Denver had hired Elvis Presley’s infamous Takin’ Care of Business band (TCB) with Glen Hardin on piano, James Burton on lead guitar, Jerry Scheff on upright bass and Ron Tutt on drums (Nashville producer Tony Brown had once been a piano player in this same Elvis ensemble).

Very briefly, we all shared oxygen with these immortals. Watching James Burton and crew walk through the casino in their TCB leather jackets was a transformative sight. These musicians were the storied giants, cool, and worthy of adoration.

Ajay Avery had given our outfit the luminous title, the Montana Banana Bunch. The Bunch received a generally favorable review in Variety (March 11th, 1982), with a positive mention of my piano skills. Steve Voudouris, John Denver’s guitar tech, arranged for us to have a few minutes backstage with John. We all chatted, and I left with an autograph for my mom.

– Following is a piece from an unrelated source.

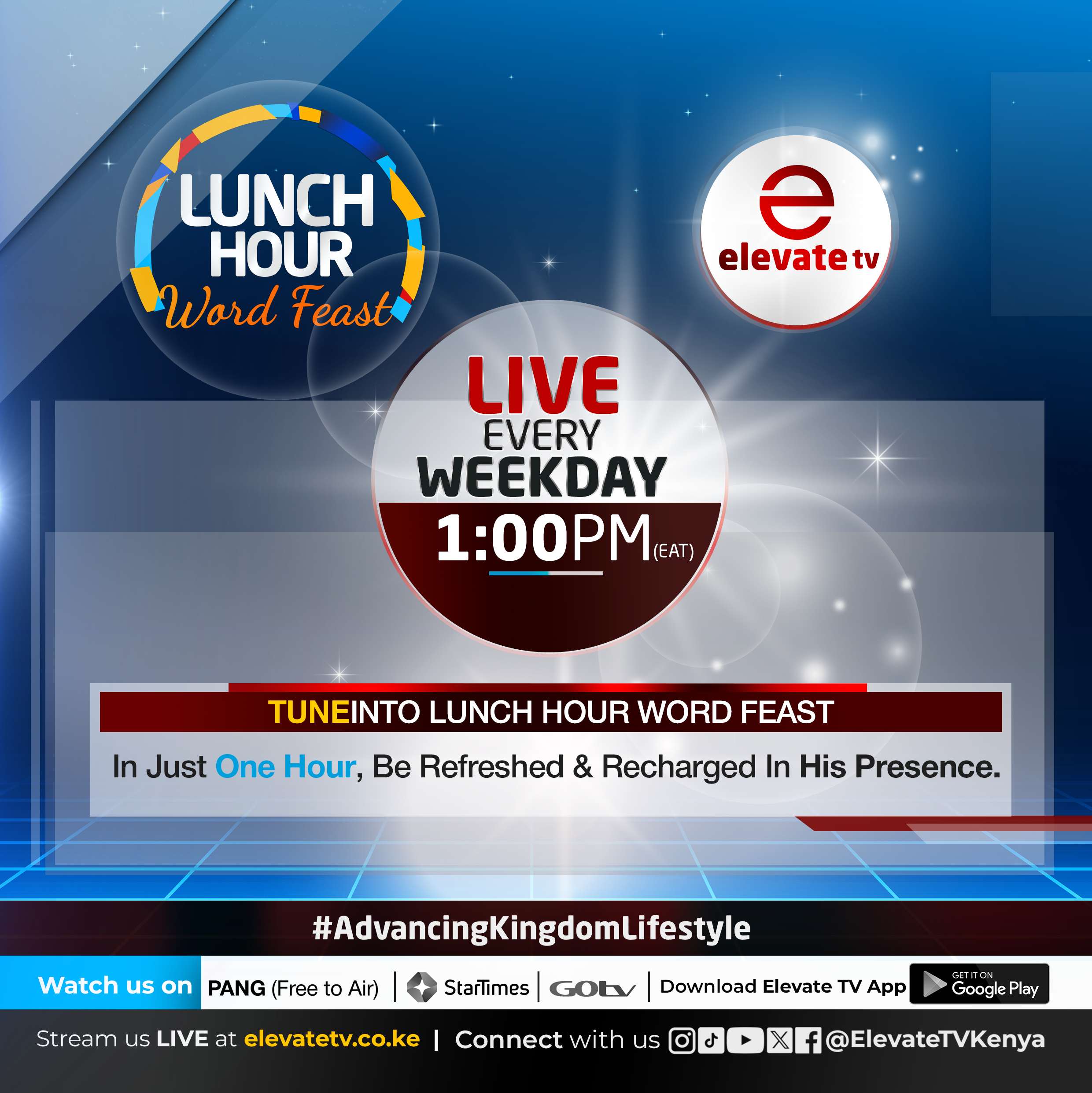 Get Elevate TV app today from the Huawei App Gallery or Google Play Store, or visit www.elevatetv.co.ke/live/ to start your journey with Elevate TV.

On March 18th, drummer Jimmy Caselli and I raced back down the mountain to Sacramento. Jimmy and I were in an actual, cool and popular band that played its own music, the Charlie Peacock Group. Now that we had a little extra money in our pockets, it was time to get back to headlining Sacramento and San Francisco clubs. Besides, we were close to signing a record deal – a condition of authenticity every band needed.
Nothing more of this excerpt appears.